=== EXTRACTED INFORMATION ===
*** Block opens ***
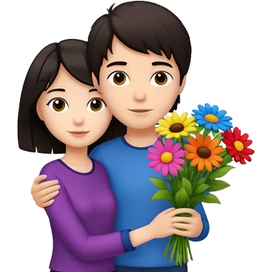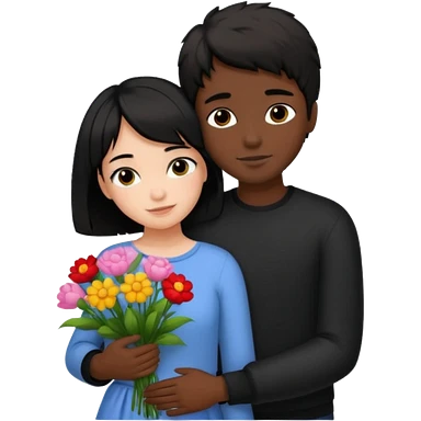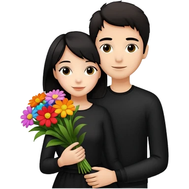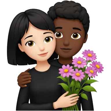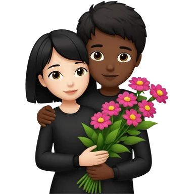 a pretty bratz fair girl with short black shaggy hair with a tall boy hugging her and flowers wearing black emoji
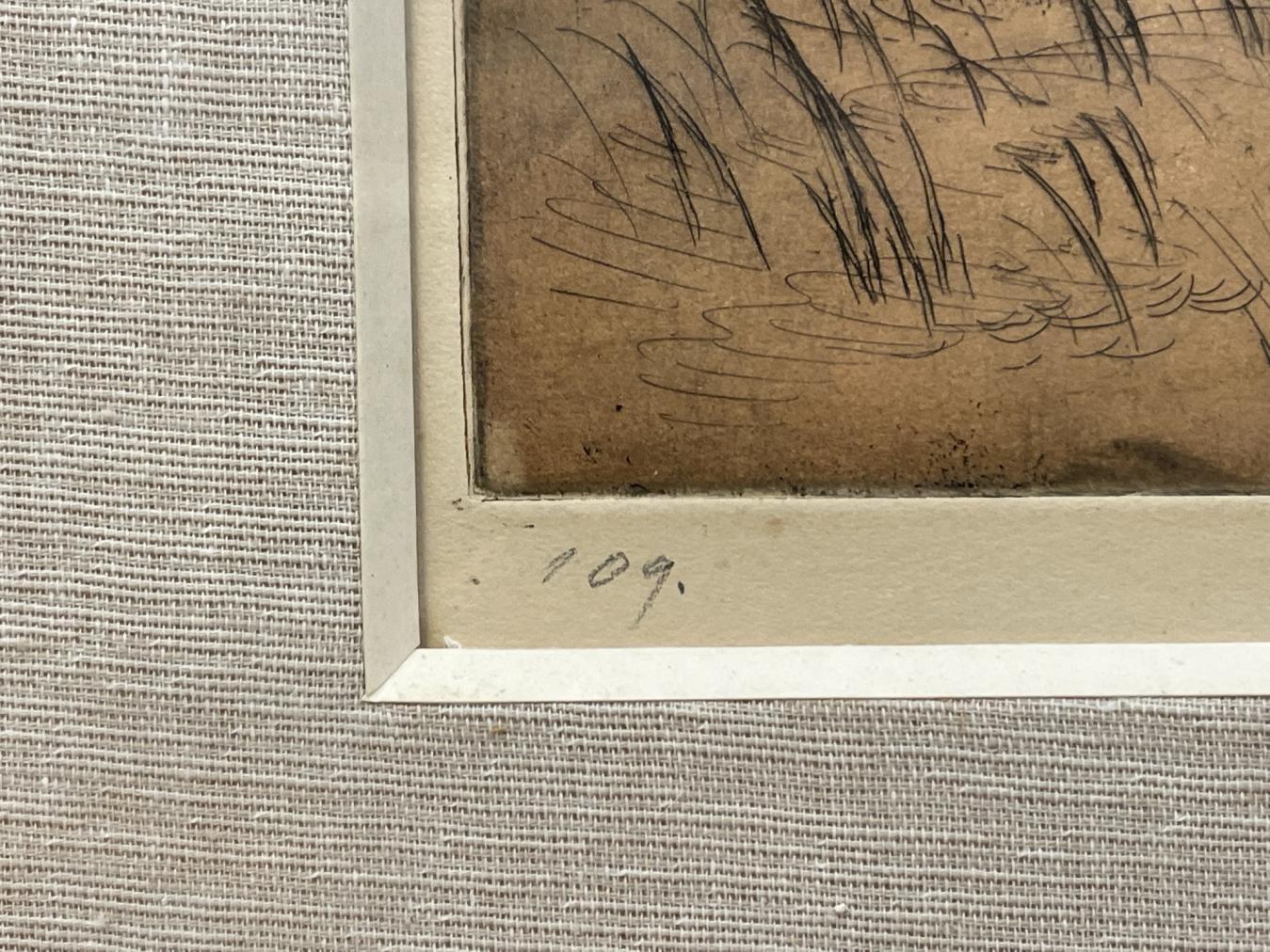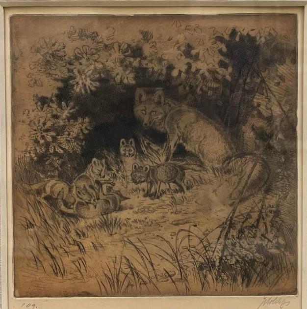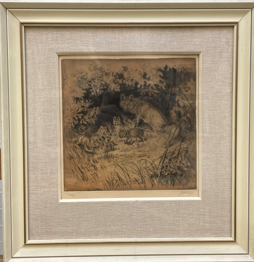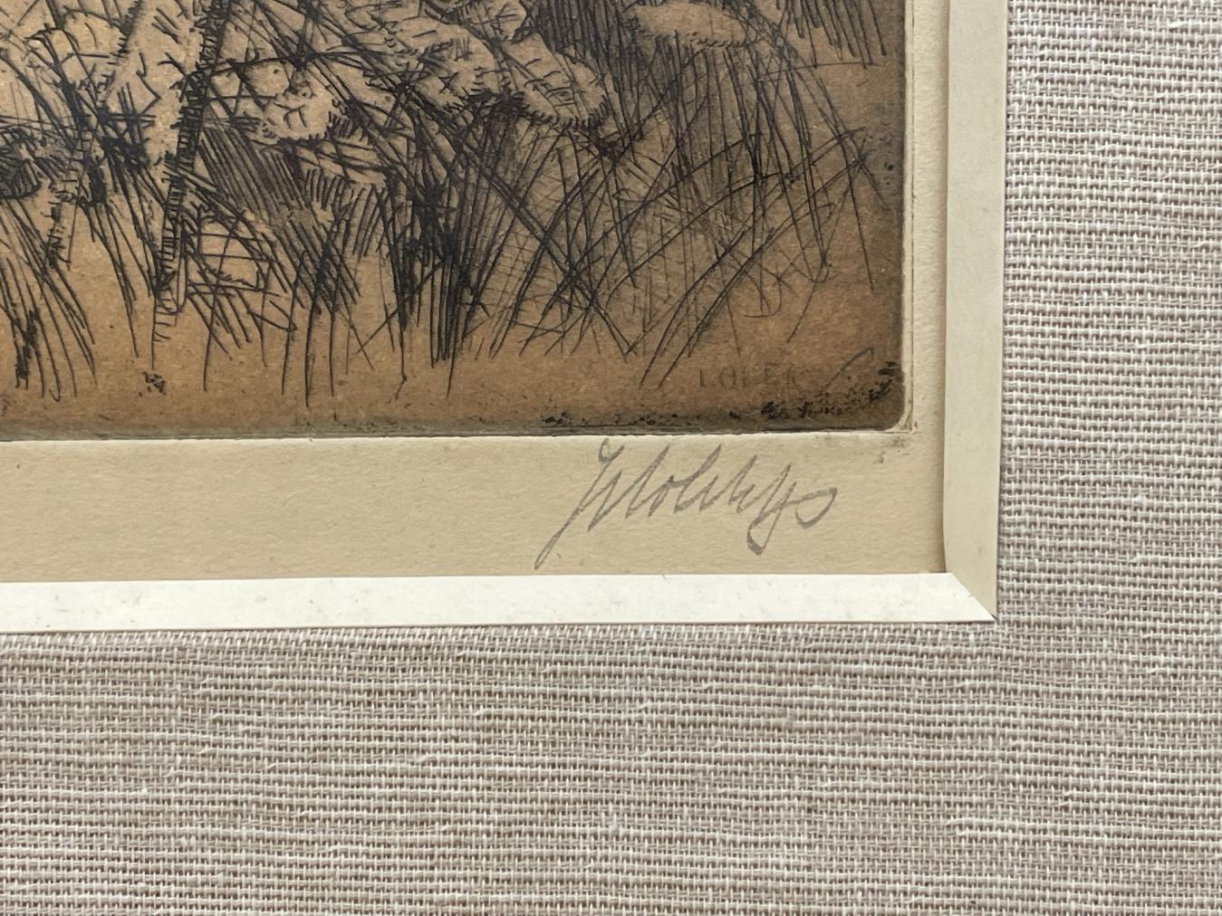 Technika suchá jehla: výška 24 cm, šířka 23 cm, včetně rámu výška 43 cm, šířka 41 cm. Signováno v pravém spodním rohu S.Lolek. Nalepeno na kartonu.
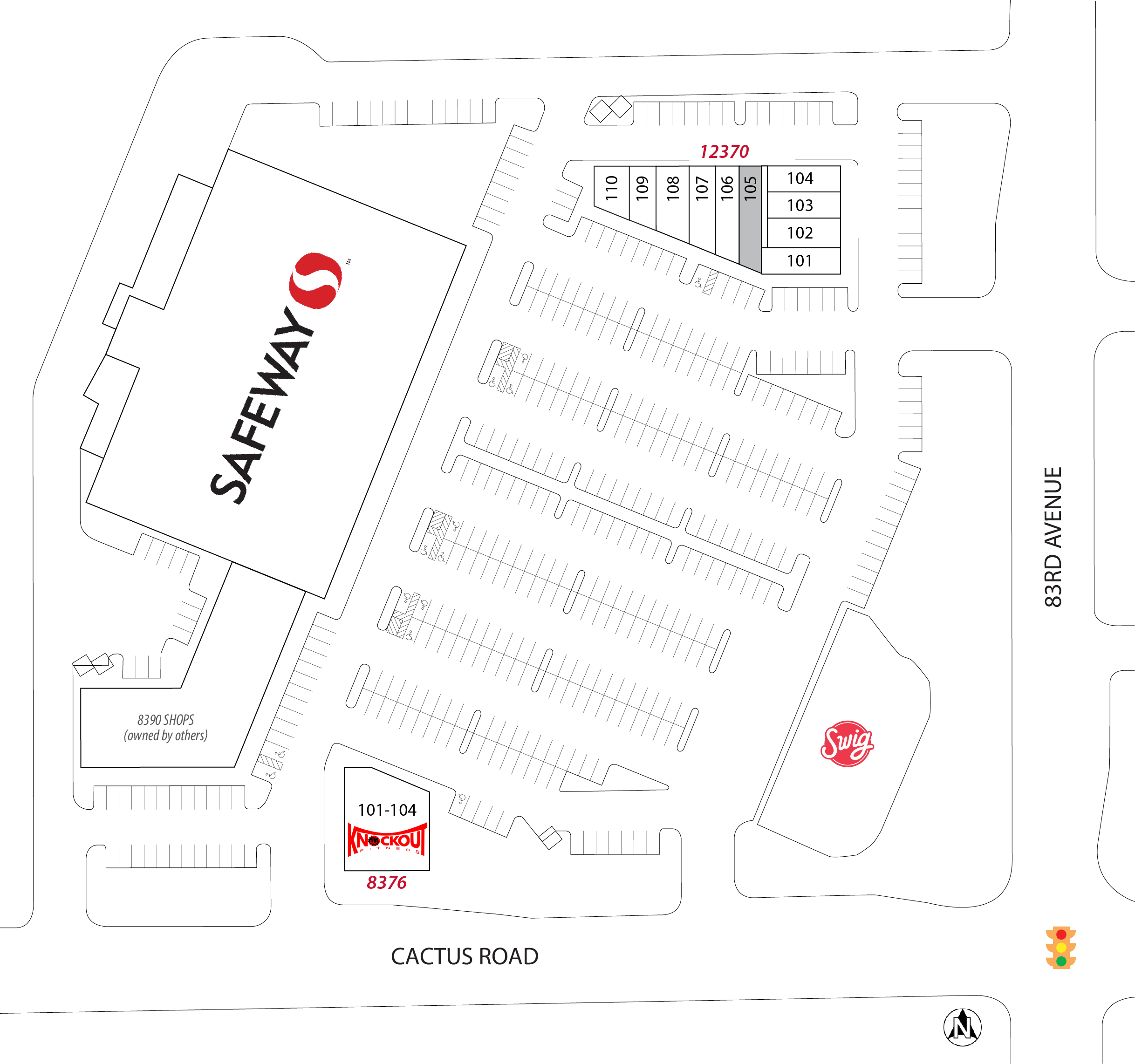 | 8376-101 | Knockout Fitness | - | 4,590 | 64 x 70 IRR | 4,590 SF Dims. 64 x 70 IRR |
*** Block closes ***
*** Block opens ***
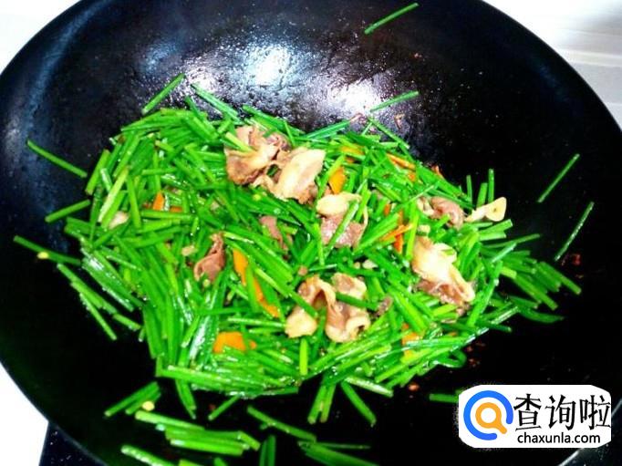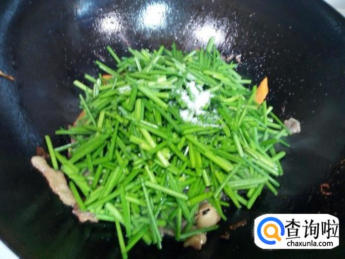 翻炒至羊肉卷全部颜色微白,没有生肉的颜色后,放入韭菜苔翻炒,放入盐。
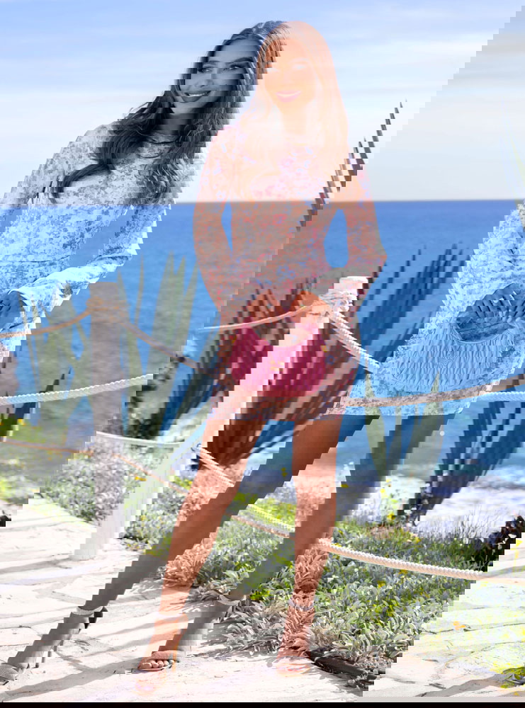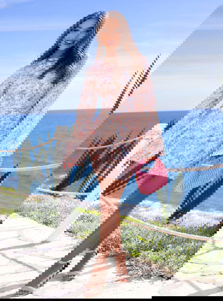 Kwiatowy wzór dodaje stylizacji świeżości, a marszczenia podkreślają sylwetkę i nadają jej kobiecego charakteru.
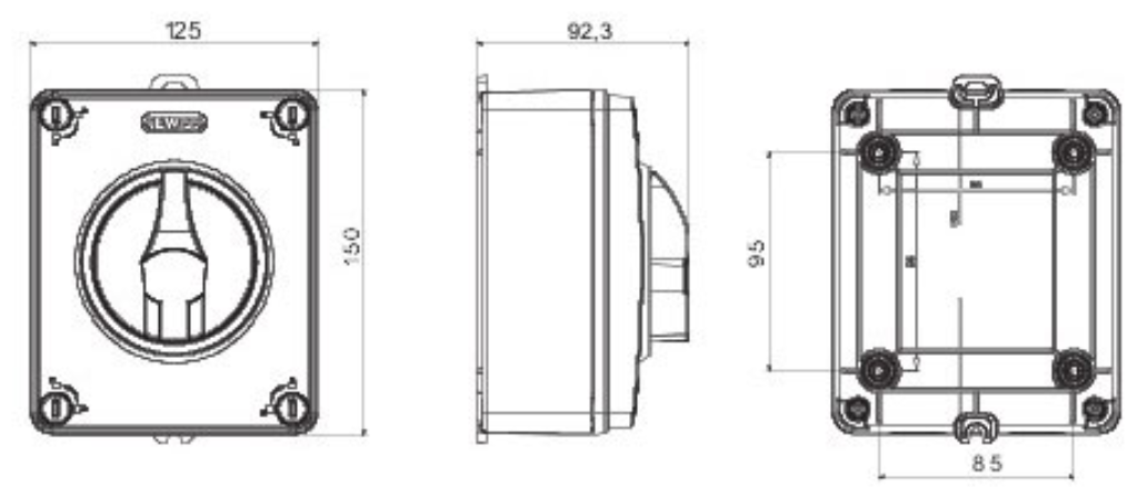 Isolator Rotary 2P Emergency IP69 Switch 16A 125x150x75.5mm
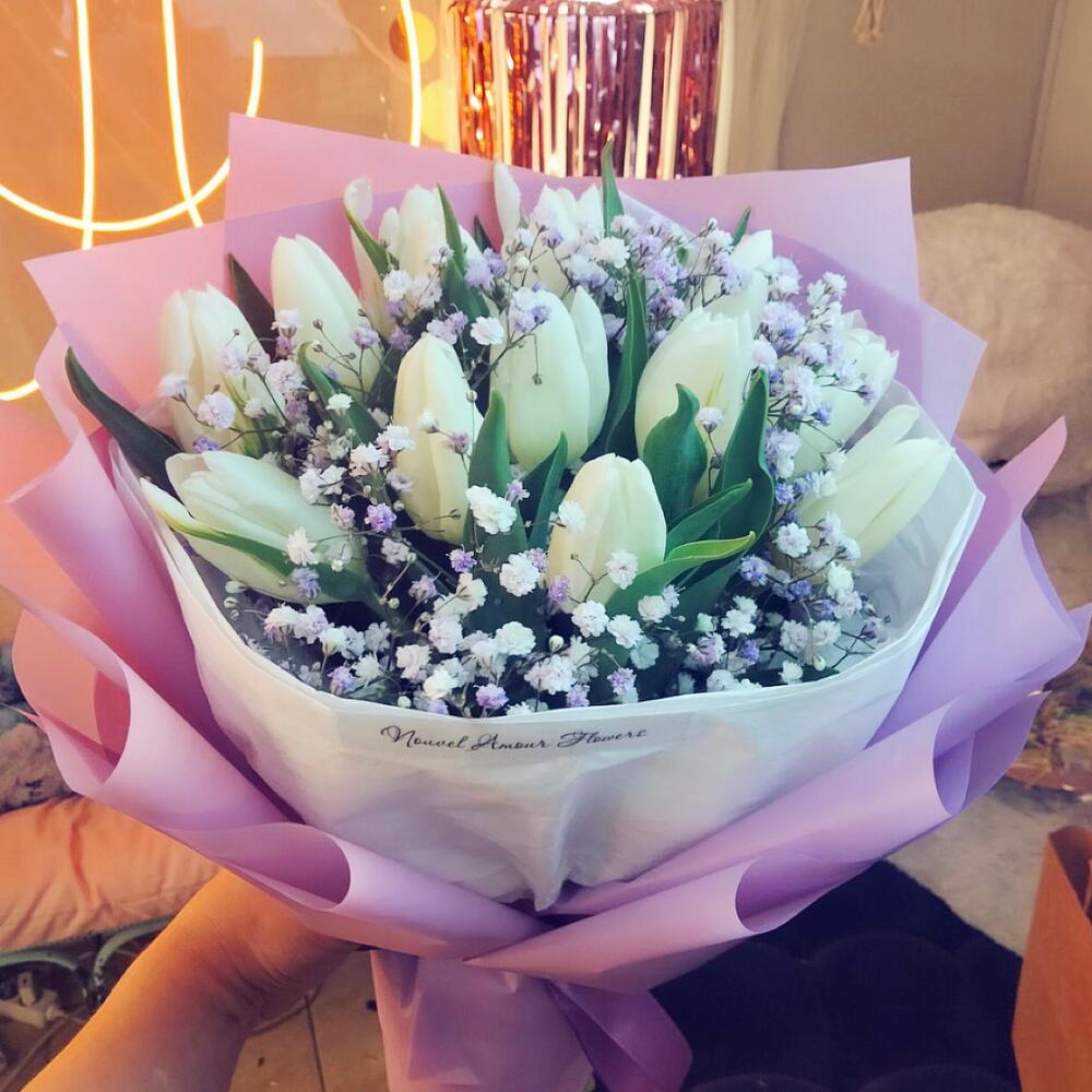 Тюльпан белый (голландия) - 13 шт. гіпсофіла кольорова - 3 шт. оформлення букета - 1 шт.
*** Block closes ***
*** Block opens ***
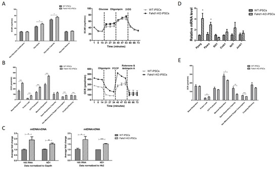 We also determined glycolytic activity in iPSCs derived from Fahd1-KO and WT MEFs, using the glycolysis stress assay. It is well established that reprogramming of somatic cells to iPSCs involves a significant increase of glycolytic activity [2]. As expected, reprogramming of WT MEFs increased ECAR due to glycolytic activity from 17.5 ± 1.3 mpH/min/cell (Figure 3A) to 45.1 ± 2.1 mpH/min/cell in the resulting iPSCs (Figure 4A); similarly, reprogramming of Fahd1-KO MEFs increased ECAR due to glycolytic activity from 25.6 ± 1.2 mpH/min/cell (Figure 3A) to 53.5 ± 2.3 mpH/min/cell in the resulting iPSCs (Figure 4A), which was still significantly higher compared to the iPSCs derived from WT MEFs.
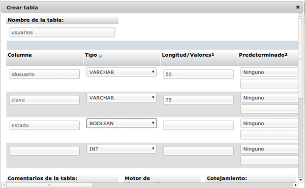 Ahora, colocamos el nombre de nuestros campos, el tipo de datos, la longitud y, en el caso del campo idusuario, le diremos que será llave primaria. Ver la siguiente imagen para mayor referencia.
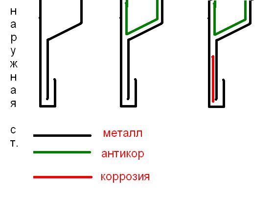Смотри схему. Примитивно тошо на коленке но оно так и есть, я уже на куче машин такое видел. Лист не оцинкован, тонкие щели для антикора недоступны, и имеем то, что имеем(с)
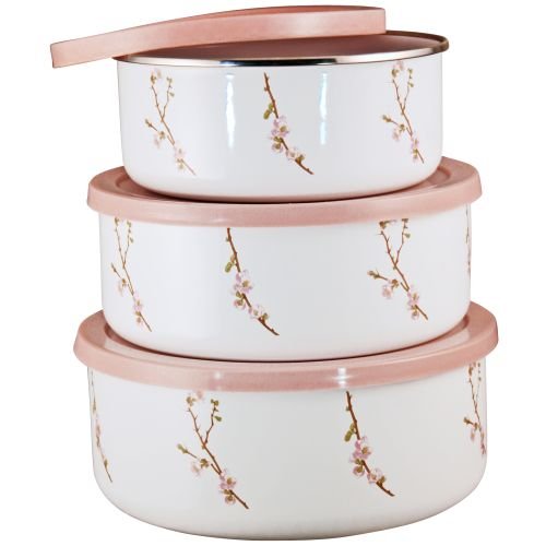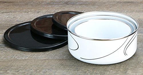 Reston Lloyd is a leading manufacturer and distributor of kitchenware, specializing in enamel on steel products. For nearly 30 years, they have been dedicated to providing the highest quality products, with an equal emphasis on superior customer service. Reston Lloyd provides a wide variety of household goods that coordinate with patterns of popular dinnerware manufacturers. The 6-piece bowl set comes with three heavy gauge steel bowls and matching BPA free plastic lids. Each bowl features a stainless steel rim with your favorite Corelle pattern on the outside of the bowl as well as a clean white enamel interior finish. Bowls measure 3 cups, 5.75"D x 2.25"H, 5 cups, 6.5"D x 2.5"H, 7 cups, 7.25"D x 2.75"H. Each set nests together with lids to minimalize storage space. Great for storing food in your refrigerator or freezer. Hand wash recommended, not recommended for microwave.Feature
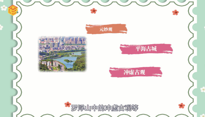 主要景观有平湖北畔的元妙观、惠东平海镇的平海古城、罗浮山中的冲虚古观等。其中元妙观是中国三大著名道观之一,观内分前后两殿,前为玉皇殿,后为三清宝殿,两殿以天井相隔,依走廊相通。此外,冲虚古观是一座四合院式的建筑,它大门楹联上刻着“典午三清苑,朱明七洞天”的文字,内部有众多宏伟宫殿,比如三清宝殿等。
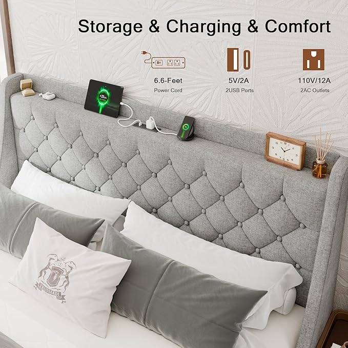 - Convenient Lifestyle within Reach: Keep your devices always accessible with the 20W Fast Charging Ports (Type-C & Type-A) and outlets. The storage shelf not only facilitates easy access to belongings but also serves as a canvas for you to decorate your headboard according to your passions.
*** Block closes ***
=== WHAT THE TASK ASKS ===
Set the pictures aside and transcribe exactly the stretch of lines above, beginning with the one holding "翻炒至羊肉卷全部颜色微白,没有生肉的颜色后,放入韭菜苔翻炒,放入盐。" and ending with the one holding "Isolator Rotary 2P".

=== RESULT BELOW ===
 翻炒至羊肉卷全部颜色微白,没有生肉的颜色后,放入韭菜苔翻炒,放入盐。
 Kwiatowy wzór dodaje stylizacji świeżości, a marszczenia podkreślają sylwetkę i nadają jej kobiecego charakteru.
 Isolator Rotary 2P Emergency IP69 Switch 16A 125x150x75.5mm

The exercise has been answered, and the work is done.